Моё школьное детство прошло под знаком благодарной памяти ветеранам. Они приходили, они были живы, и ещё относительно молоды. Мой отец был ветераном войны. Но было полное ощущение, это не повторится. То есть это последняя война в истории человечества. Все, наконец-то мы перешли, ценой потерь в 26 миллионов, мы перешли к созиданию. Нет! Оказывается, что история, в каком-то смысле, цикличный процесс, и горе, трагизм истории опять выходит на передний её край. Вспоминаешь Константина Леонтьева с его «трансцендентным эгоизмом». В конечном итоге ты о себе подумай, о своей душе. Мир ты уже не спасёшь. И какие-то иллюзорные идеи спасения мира, как целого, путём создания новых союзов, ассоциаций, организаций, судов все это сегодня кажется каким-то отошедшим в архив.

Е. Никифоров: Что же и как ответить? Ясно, что слова сложные философские на передовой люди просто не знают. Но те же философы, поэты, драматурги возвышают до уровня, понятного всем, проговаривают. И в этом проговаривании, в этой рационализации есть этот катарсис освобождения. Жить с надрывным страхом и ужасом, который поселяется вместе со смертью, ужасно тяжело.

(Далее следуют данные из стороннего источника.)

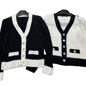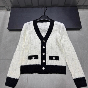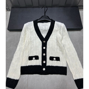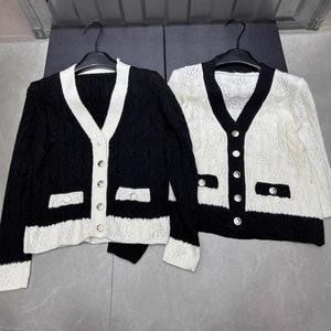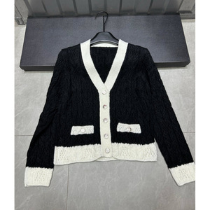 25秋季新款香家logo纽扣撞色针织长袖单排扣V领开衫宽松百搭毛衣

А. Козырев: Я имел опыт чтения текстов, которые написаны на передовой поэзии. Есть поэтический конкурс, который проводит ежегодно партия «Справедливая Россия». Я вхожу в жюри, и мне приходится читать достаточно большое количество поэтических текстов людей, которые написали их в окопах, людей, которые живут в новых регионах России, где рядом война. И у меня очень неоднозначное ощущение от этих текстов. Есть очень неплохие с поэтической точки зрения произведения, но пронизанные культом смерти. Это то, что не даёт никакого преодоления, никакого катарсиса, но, напротив, еще глубже забивает гвоздь в крышку гроба. А есть другие произведения. Есть тяга к свету, как цветок, который посадили под асфальтом или в неблагоприятной почве, а он все равно вырос, раскрылся, несмотря ни на что. Кругом искорёженный металл, груда исковерканных тел человеческих, а цветок растёт. Есть поэзия надежды, утверждения жизни. Что нам от искусства, если оно нам скажет, как говорил один рок-музыкант, не буду называть имени, «ведь мы живём для того, чтобы завтра сдохнуть». Так и что нам из того, что нам искусство это скажет? Искусство нам должно сказать что-то другое! Показать то, где есть преодоление! Русская философия Серебряного века видела новый опыт трагедии в романах Достоевского,. Были статьи о романах Достоевского как о романах-трагедии Вячеслава Иванова, отца Сергия Булгакова, потому что Достоевский даёт нам какой-то выход, просветление, нравственный образец, достоинство, свет. Вспомним и Алёшу Карамазова, и князя Мышкина, и старца Зосиму, и Сонечку Мармеладову. Это, конечно, не глянцевые, не однозначные и не одномерные образы.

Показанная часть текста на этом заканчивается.